*WORK TASK:* From the line containing "役員会 令和6年度の東海支部行事等の日程について熱心に審議しました。" to the final line of the entries, copy each line exactly. Pictures stay out.

*Excerpts from a dataset:*
※ ※ ※

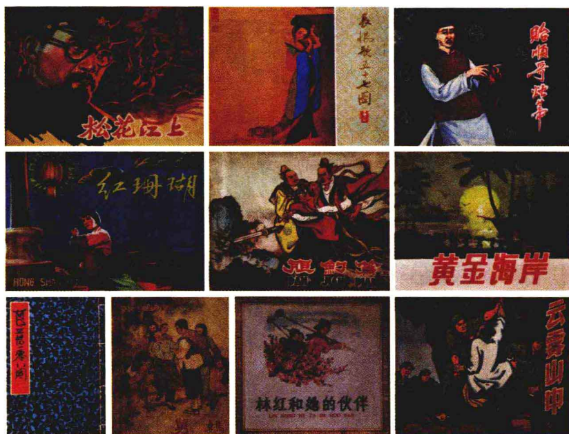
吴性清画的《舅妈》，1956年10月上海人美出版，市面上也很难见到此书了。
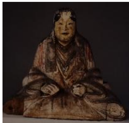
忍草浅間神社の木造神像(忍野村忍草)
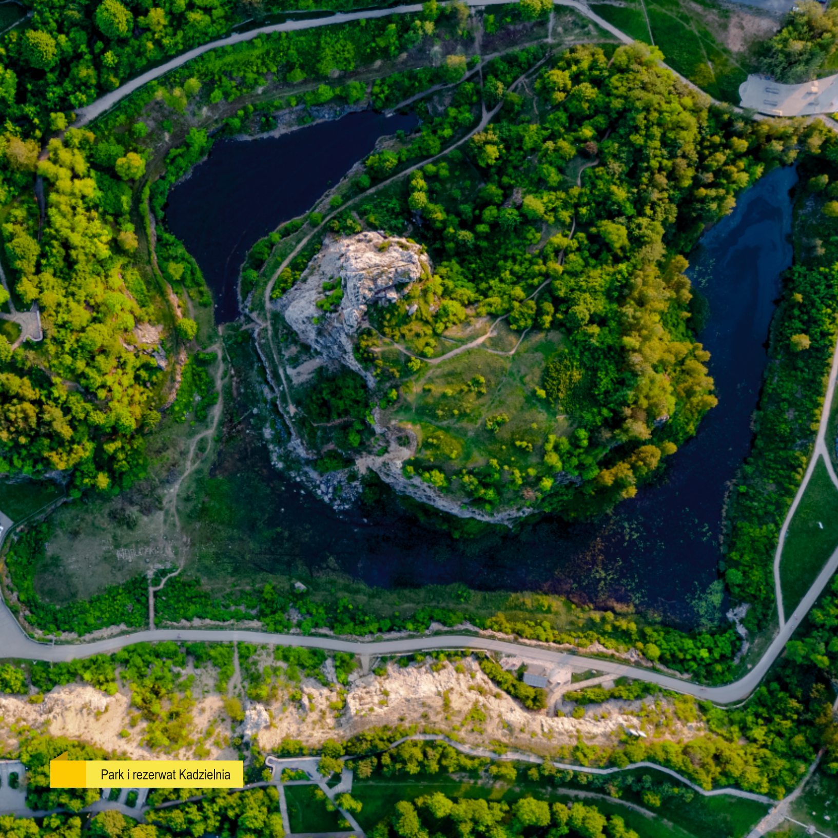
Park i rezerwat Kadzielnia
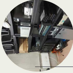
Espace de travail
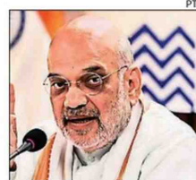
Amit Shah addresses 89th general council meeting of the NCDC in New Delhi on Monday

He said that NCDC should now set a target of achieving Rs 1 lakh crore yearly disbursement in next three years along with targets for every quarter. "NCDC's objective must not only be to make profit but to achieve overall development of the cooperative sector," he said. The initiatives taken by the Centre to strengthen cooperative movement have special focus on strengthening the Primary Agriculture Credit Societies (PACS). These initiatives include computerisation, making model byelaws, widening the functioning of PACS to undertake more than 30 busi-
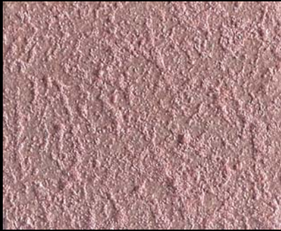
Toner № 510 - 1cc
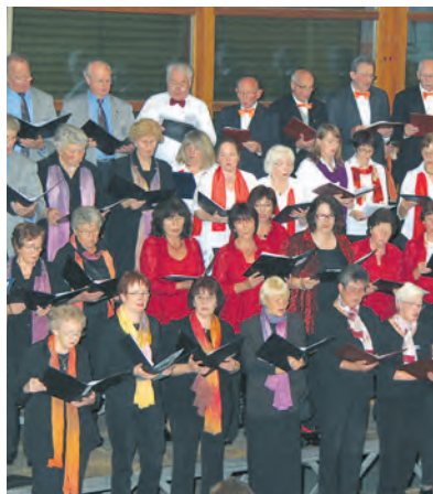
Viele Sängerinnen und Sänger werden am kommenden Sonntag nach Stockach ins Bürgerzentrum Adler-Post kommen, um in einem Chortreffen gemeinsam zu singen. Der Eintracht-Chor in Stockach feiert in diesem Jahr sein 175-jähriges Jubiläum
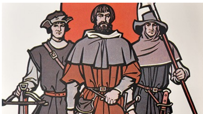
Slika 3: Fevdalec in dajatve

Nastala je kmečka zveza ali punate , pisali so cesarju ampak neuspešno, zato so se kmetje sami organizirali in si postavili cilj in, sicer da si bodo sami izboljšali položaj in sicer z upori. Njihovo orožje je bilo kmečko orodje (vile, sekire, kose...).
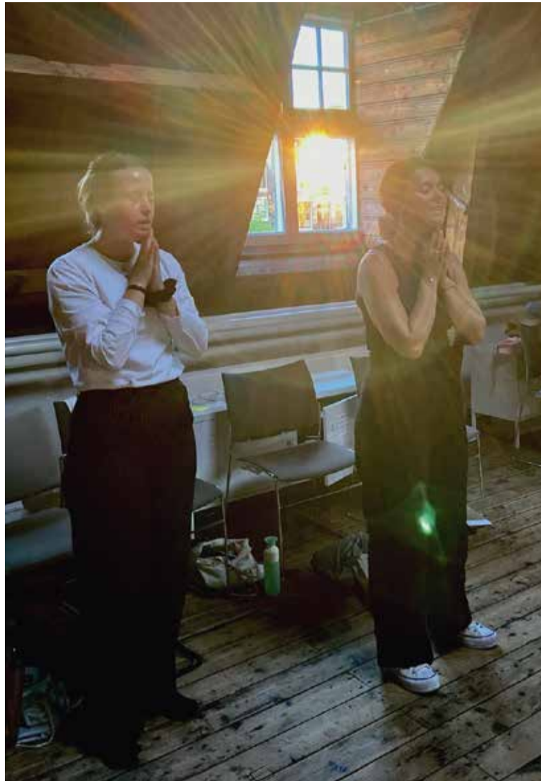
Op de zolder van de Van Limmikhof start een nieuw seizoen van we*Worship, zie onder donderdag 29 september.

De eeuwen door heeft de hoop op vrede in tijden van oorlog mensen geïnspireerd om goede woorden te spreken en tegen de klippen op te zingen. De oorlog in Oekraïne maakt dit voor ons hier en nu eens te meer actueel. Op de Internationale Dag van de Vrede, 21 september, houdt de Westerkerk in samenwerking met de Pro-
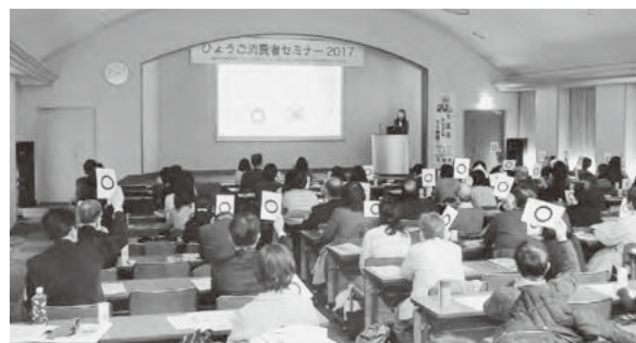
〇×クイズでわかる!適格消費者団体
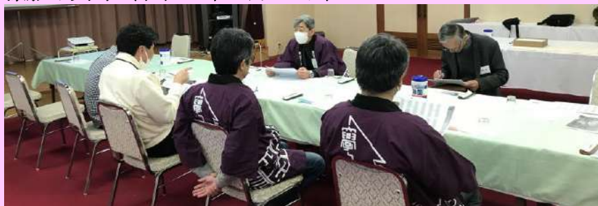
役員会 令和6年度の東海支部行事等の日程について熱心に審議しました。
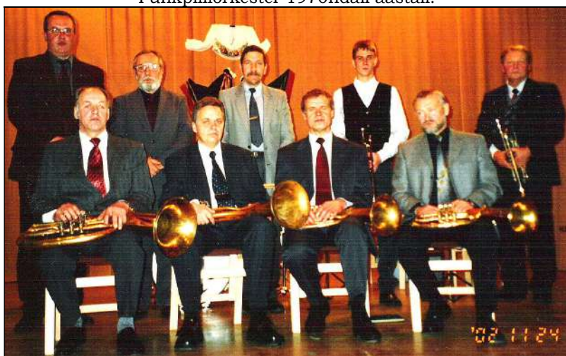
Kadrina rahvamaja pasunakoor aastal 2002.
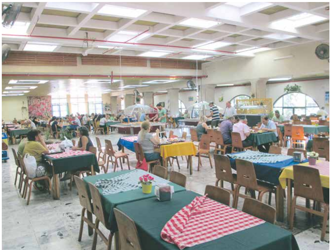
Gemeinschaft: Speisesaal im Kibbutz Jakum im Jahr 2016

Dass solche Dissonanzen wie auch ideologische Spannungen im Zusammenhalt der Kibbutzim nicht schon damals explosiver waren, lag wohl am Kampf um die Staatsgründung. Er und der Unabhängigkeitskrieg von 1948/49 zwangen die Kibbutzim zu einem intensiven militärischen und logisti-
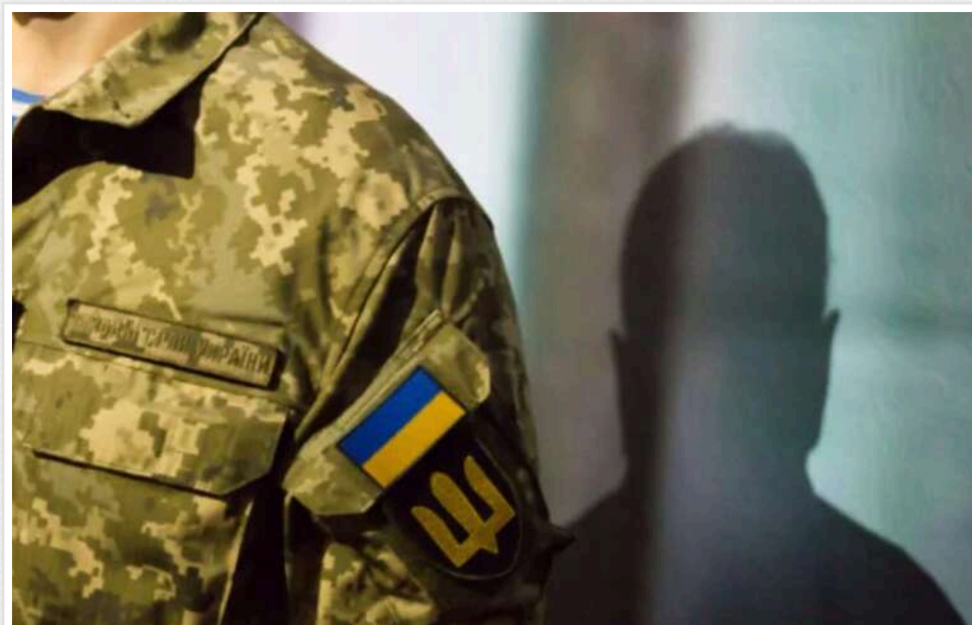
Чоловік залишив підрозділ ЗСУ через конфлікти з командиром і вживання наркотиків

Чоловік добровільно пішов на війну, а через рік отримав вирок у справі про наркотики. Командир був незадоволений поведінкою військового, тому той вирішив залишити частину.

※ ※ ※

*SOLUTION TO THIS EXERCISE:*
役員会 令和6年度の東海支部行事等の日程について熱心に審議しました。
Kadrina rahvamaja pasunakoor aastal 2002.
Gemeinschaft: Speisesaal im Kibbutz Jakum im Jahr 2016

Dass solche Dissonanzen wie auch ideologische Spannungen im Zusammenhalt der Kibbutzim nicht schon damals explosiver waren, lag wohl am Kampf um die Staatsgründung. Er und der Unabhängigkeitskrieg von 1948/49 zwangen die Kibbutzim zu einem intensiven militärischen und logisti-
Чоловік залишив підрозділ ЗСУ через конфлікти з командиром і вживання наркотиків

Чоловік добровільно пішов на війну, а через рік отримав вирок у справі про наркотики. Командир був незадоволений поведінкою військового, тому той вирішив залишити частину.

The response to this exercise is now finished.